Magic always seems to be under the rainbow or above the fluffy white clouds, but all mighty wizards secretly reside in my cave. They cast their spells so unpredictibly that none can expect what is to happen in my cave next second. Though I call it my cave, I am indeed but a vessel and the cave is the captain, the mad captain with chaotic voices in his head coming from another world. The only thing stationary in the cave is the relationship between it and me. I have to adapt quite quickly to its state at all times. Such a hassle.

Coming back to the answer, if it is not a hut in the woods, may it be a hug in the woods then? Why wouldn’t it be? A friend wraps you in their arms and takes you in. Is that not a sign of acceptance? Is that not a comforting act? Is that not how I am bound, and keep myself bonded?

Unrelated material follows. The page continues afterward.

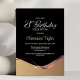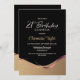Cette invitation moderne à la fête du 21e anniversaire en noir et or rayonne d'élégance et de sophistication simples. Son design se décline en noir et or, séparé par une vague fluide et un ruban rose élégant qui coule d'un côté à l'autre. La zone de texte personnalisable vous permet d'inclure sans effort tous les détails nécessaires à la célébration de votre anniversaire spécial, y compris la date, l'heure, le lieu et les informations RSVP. Que vous planifiez un rassemblement ou une grande aventure, cette invitation contemporaine vous impressionnera.

Unfortunately, no. A hug is never perfect. It is too long when it’s bad, and too short when it’s good. It is too tight when bad, and too loose when good. It smells disgusting when bad, inviting when good. A hug, when good, becomes an addiction buried in mind. It haunts the mind with vivid dreams of more hugs, more comfort, more safety, love… Love that is too far way now, and it hurts. When bad, it becomes a regret. A regret is a deep wound never to leave the soul even if it forgives the body. Something so small as a hug can carve such a deep wound whose hurtful qualities no hug is then safe from.

O’ how I wish that a hug was the answer. In the woods, alone, connected as if the stone-cold walls are crushed to dust. The word “one” gains a new meaning never to lose it again, for now is a whole eternity and we are now a whole. But no, a hug in the woods is not the answer either.